Premiere Pro CC 2018 GPU Performance: NVIDIA Titan V 12GBWritten on February 7, 2018 by Matt Bach
The NVIDIA Titan V 12GB is the latest in NVIDIA's Titan line of GPUs and while the $3,000 price tag is pretty steep, it has a number of features that makes it very unique. The two most interesting being full-speed FP64 (double precision) performance and the addition of 640 "Tensor" cores. These special cores are designed specifically for use in machine learning, but both they and the FP64 performance unfortunately has no bearing on performance in software like Premiere Pro.
This doesn't make the Titan V a complete dud for Premiere Pro, however. This card also features HBM2 memory (which is faster than the GDDR5/GDDR5X VRAM found on most cards) and has more CUDA cores than any other recent GTX or Titan GPU. In fact, it has 5120 CUDA Cores while the Titan Xp and GTX 1080 Ti only have 3840 and 3584 CUDA cores respectively.

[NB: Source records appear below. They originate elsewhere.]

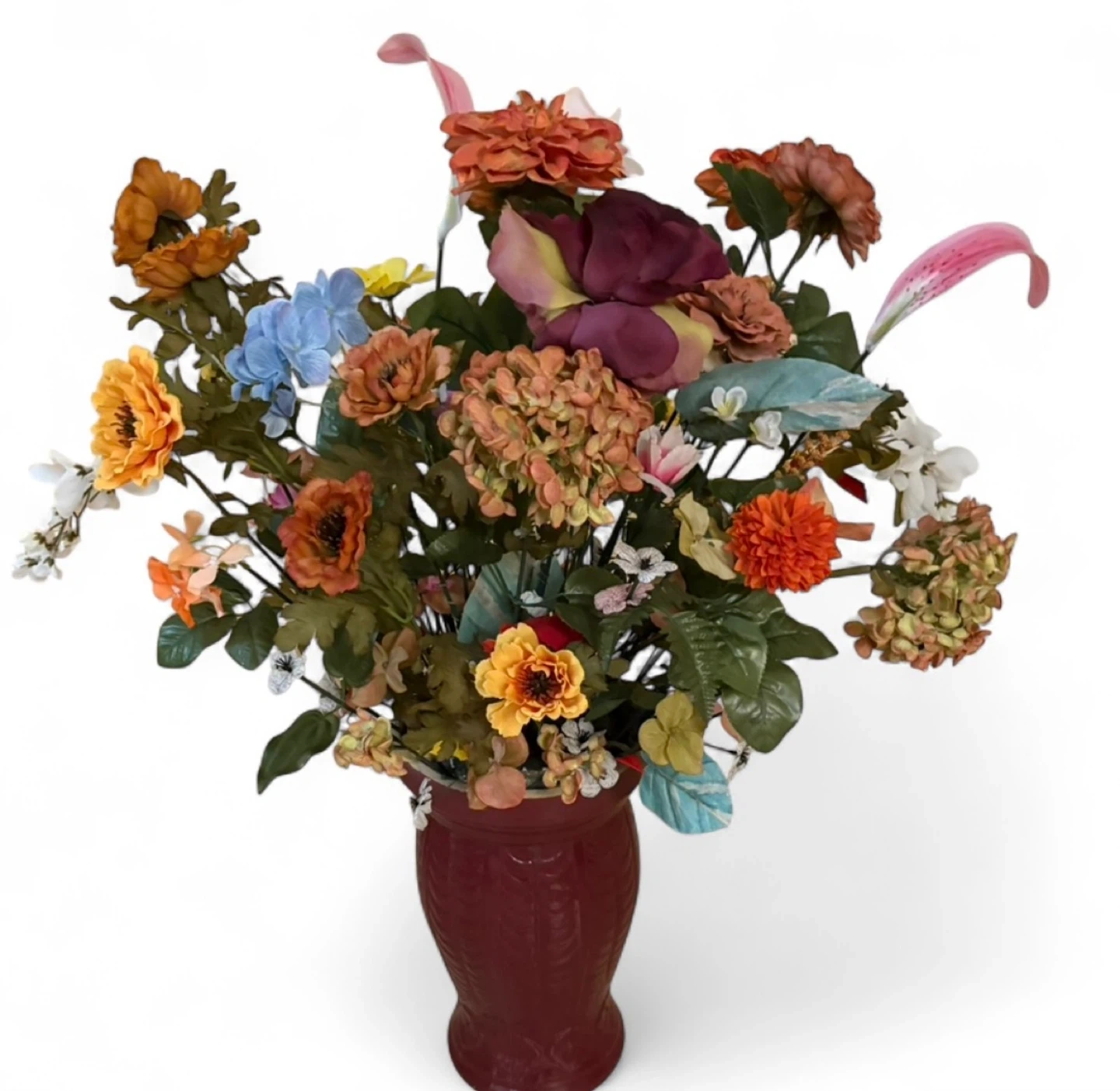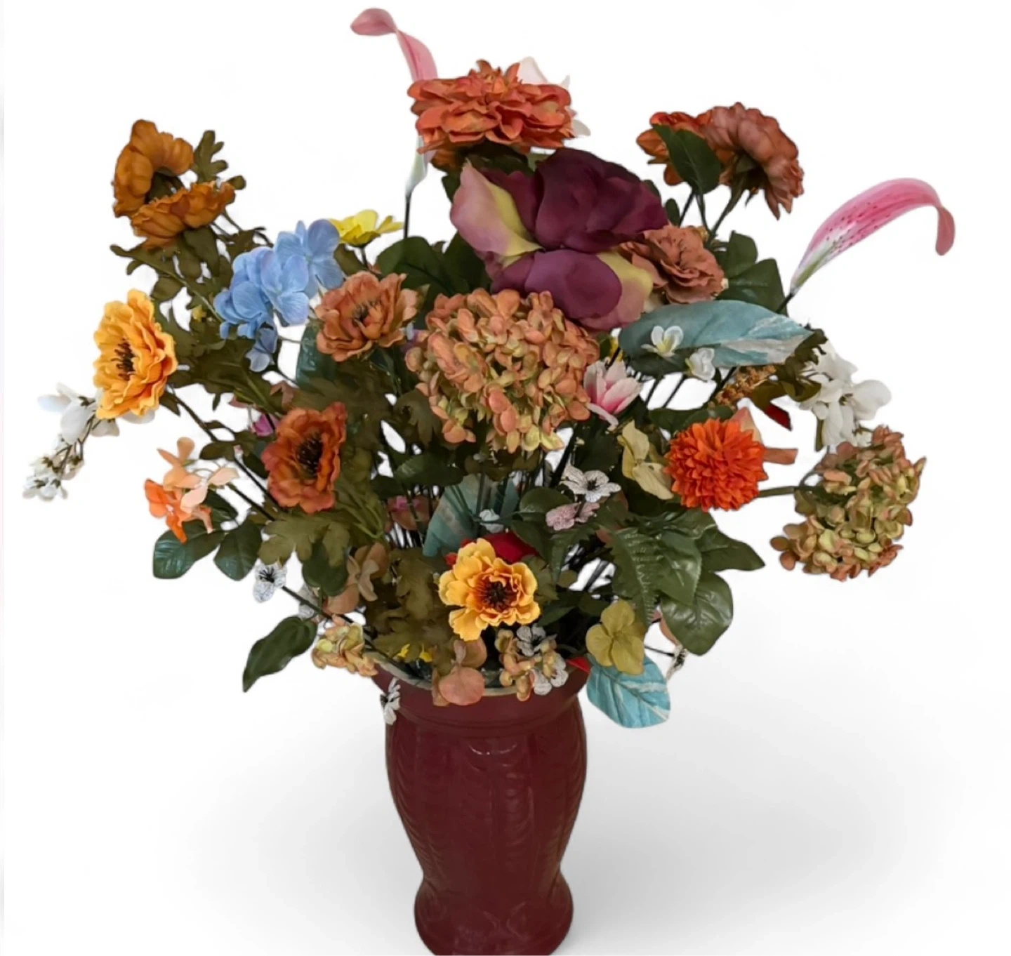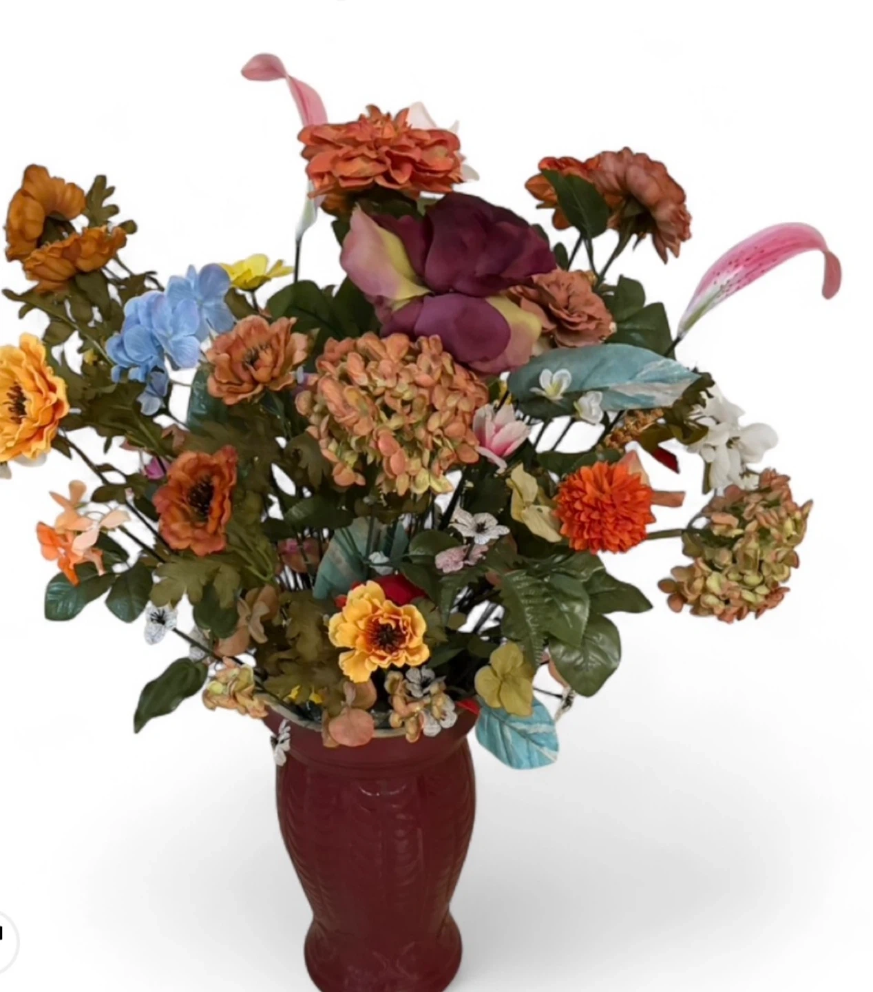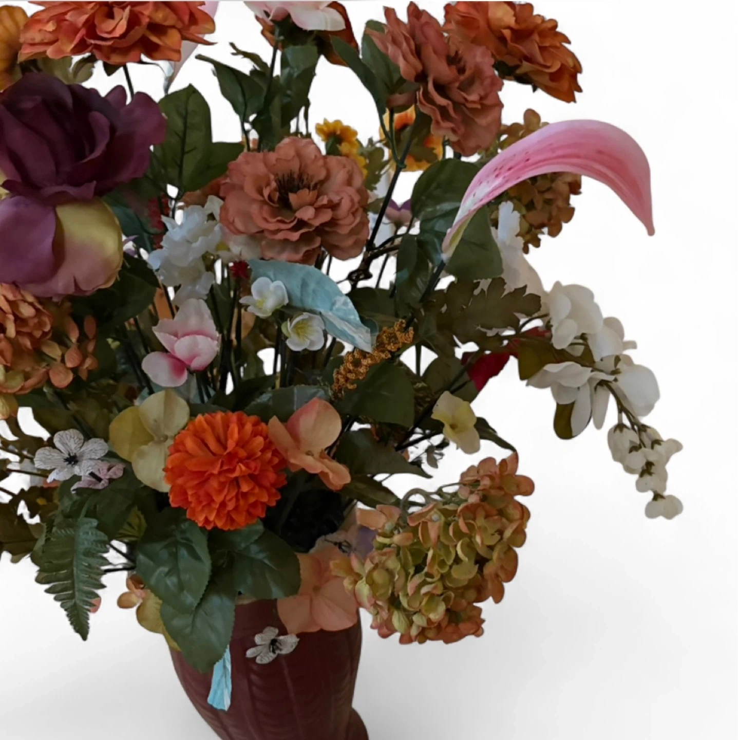 This vibrant artificial floral arrangement showcases a variety of colorful blooms and greenery. It's arranged in a decorative red vase. This piece adds a pop of color to any room!
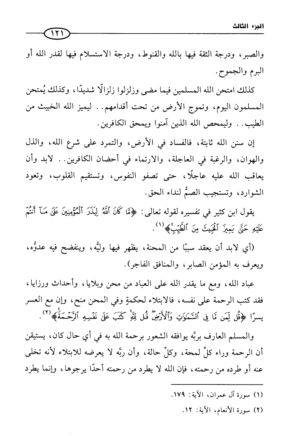 يقول ابن كثير في تفسيره لقوله تعالى: {مَّا كَانَ اللَّهُ لِيَذَرَ الْمُؤْمِنِينَ عَلَى مَآ أَنتُمْ عَلَيْهِ حَتَّىَ يَمِيزَ الْخَبِيثَ مِنَ الطَّيِّبِ} (¬1).
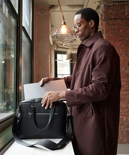 Featuring perfectly-sized compartments for paperwork, laptops and other professional essentials, this briefcase offers a contemporary approach to traditional dressing. It also features a comfortable luggage shoulder strap, giving full support without compromising on style.
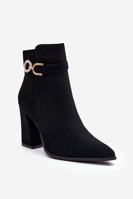 +2Zamszowe Botki Na Wysokim Słupku Czarne Liani
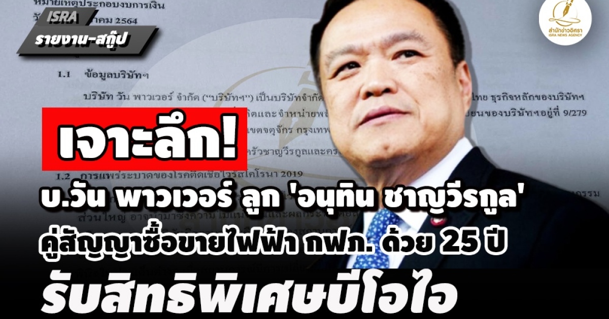 • เจาะ บ.วัน พาวเวอร์ ลูก‘อนุทิน ชาญวีรกูล’ – คู่สัญญาซื้อขายไฟฟ้า กฟภ.ด้วย 25 ปี
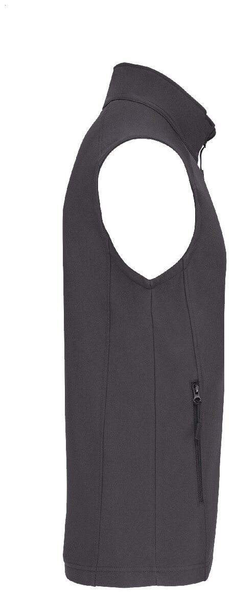 Třívrstvá, prodyšná, větru a voděodolná softshellová vesta na tělo se zipem a náprsními a bočními kapsami na zip. S prodyšnou střední vrstvou a vnitřní vrstvou z micro polar fleecu. Materiál: 95 % polyester a 5 % elastan, 300 g/m2. Výrobek značky Kariban.

One thing to note is that while the higher number of cores gives the Titan V a theoretical higher performance ceiling than any other GTX or Titan video card, each individual core in the Titan V is actually slower than the cores in cards like the GTX 1080 Ti or Titan Xp. So just like how a CPU with more cores is not always better, there is a chance that the lower frequency of the Titan V holds it back from being a top pick for software like Premiere Pro.
To find out, we will be looking at how this card performs in a number of realistic situations using our newly revamped Premiere Pro testing process. This new process is not vastly different than our old testing, but simply focuses on a wider range of codecs and has more in-depth Live Playback testing. More information can be found in the Test Hardware & Methodology section.

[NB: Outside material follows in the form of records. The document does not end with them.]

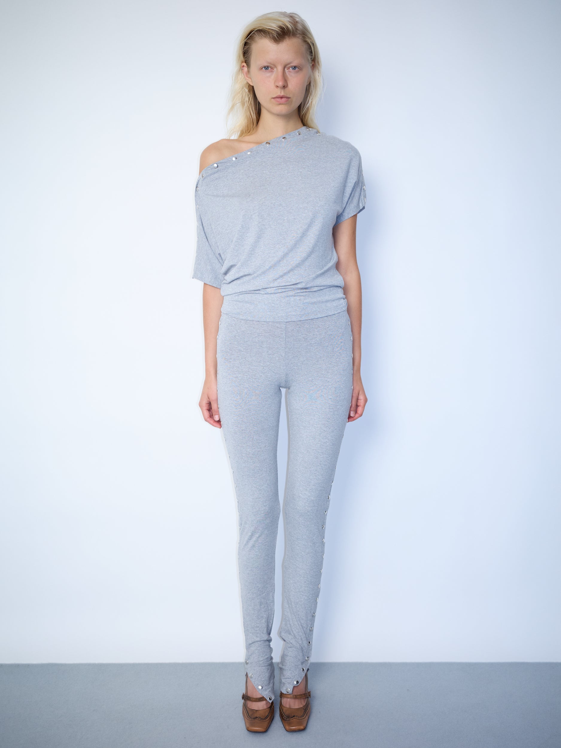 Leggings featuring press buttons running down the full length of the sides. Designed with extra length for a sleek, elongated look.
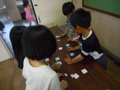 教室の中では,イスとりゲームと言葉づくりをしました!
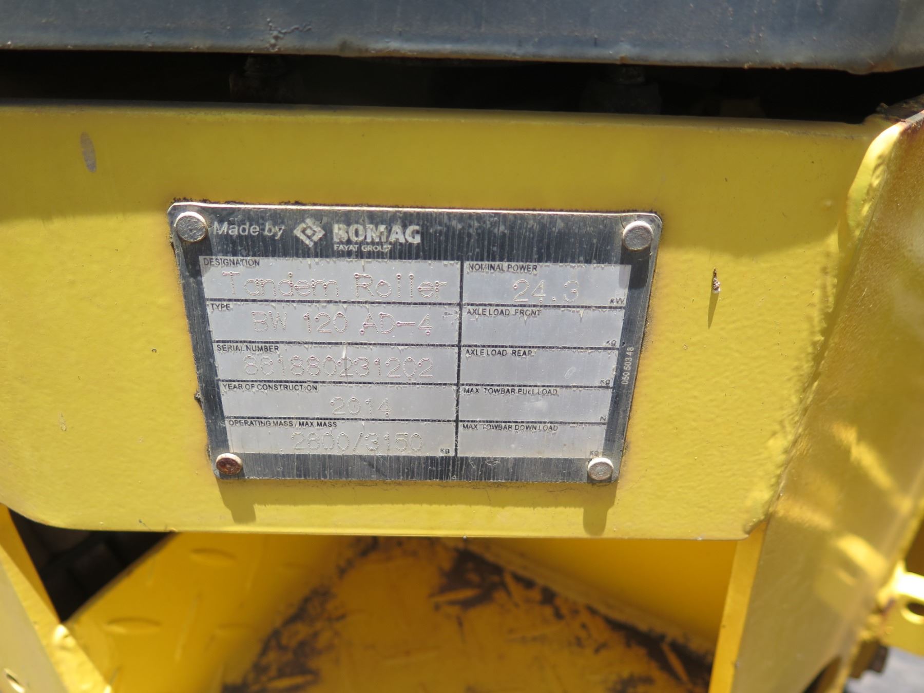 Bomag BW 120 AD-4 Tandem Vibratory Roller (Starts & Runs - See Video)
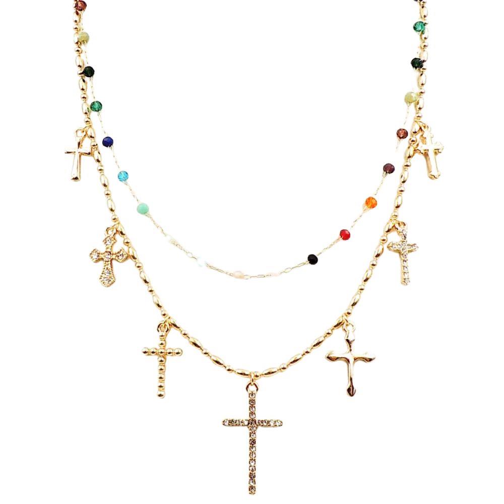 BEADED CROSS MULTI CHARM LAYERED NECKLACE
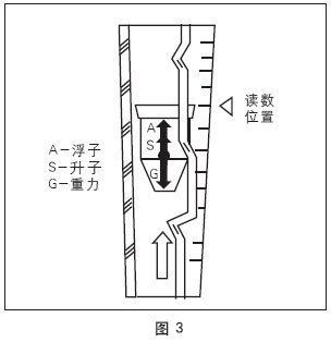 當(dāng)升力S與浮力A之和等于浮子自身重力G時,浮子處于平衡,穩(wěn)定在某一高度位置上,錐管上的刻度指示流體的流量值。如下圖(圖3)。
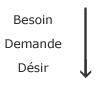 Jai évoqué tout à lheure la doctrine classique chez Lacan de l en deçà du désir. Cette doctrine passe par le besoin et la demande, elle prend comme primaire le besoin et suit le passage du besoin par la demande. Il en résulte le désir qui est comme un décalage entre besoin et demande.

Test Hardware & Methodology
To see how the new Titan V performs in Premiere Pro, we opted to pair a number of different GPUs with the Intel Core i9 7940X CPU which is currently the fastest all-around CPU for Premiere Pro. Our full test platform consists of the following hardware:
|Skylake-X (X299) Test Platform|
|Motherboard:||Gigabyte X299 AORUS Gaming 7
|RAM:||8x DDR4-2666 16GB
|Hard Drive:||Samsung 960 Pro 1TB M.2 PCI-E x4 NVMe SSD|
|OS:||Windows 10 Pro 64-bit|
|Software:||Premiere Pro CC 2018|
To act as comparison points, we will be testing a number of NVIDIA GPUs ranging from the new Titan V all the way down to the GTX 1060.
|Test Video Cards|
|NVIDIA GeForce GTX 1060 6GB||NVIDIA GeForce GTX 1070 8GB|
|NVIDIA GeForce GTX 1080 8GB||NVIDIA GeForce GTX 1080 Ti 11GB|
|NVIDIA Titan Xp 12GB||NVIDIA Titan V 12GB|
For those that read our articles regularly, you will notice that our testing looks quite a bit different since we just recently completely re-vamped our entire testing process for Premiere Pro based on feedback from our customers and readers. The biggest change is that we are now testing a wider range of codecs using media that is either publicly available for download or transcoded from media that is publicly available. This was done so that anyone can repeat our testing in order to both verify our findings and to see how their current computer stacks up to the latest hardware available.
However, in order to keep our testing process from taking weeks or months to complete, we had to drop some of the variety of testing and instead focus on just two aspects of Premiere Pro: Exporting and Live Playback. This isn't to say that the other things we used to test (such as rendering previews and warp stabilize) were not useful, but we simply had to cut something out in order to make time for the wider range of codecs. In fact, we may need to cut a bit more in the future as a single benchmark loop currently takes more than 18 hours to complete.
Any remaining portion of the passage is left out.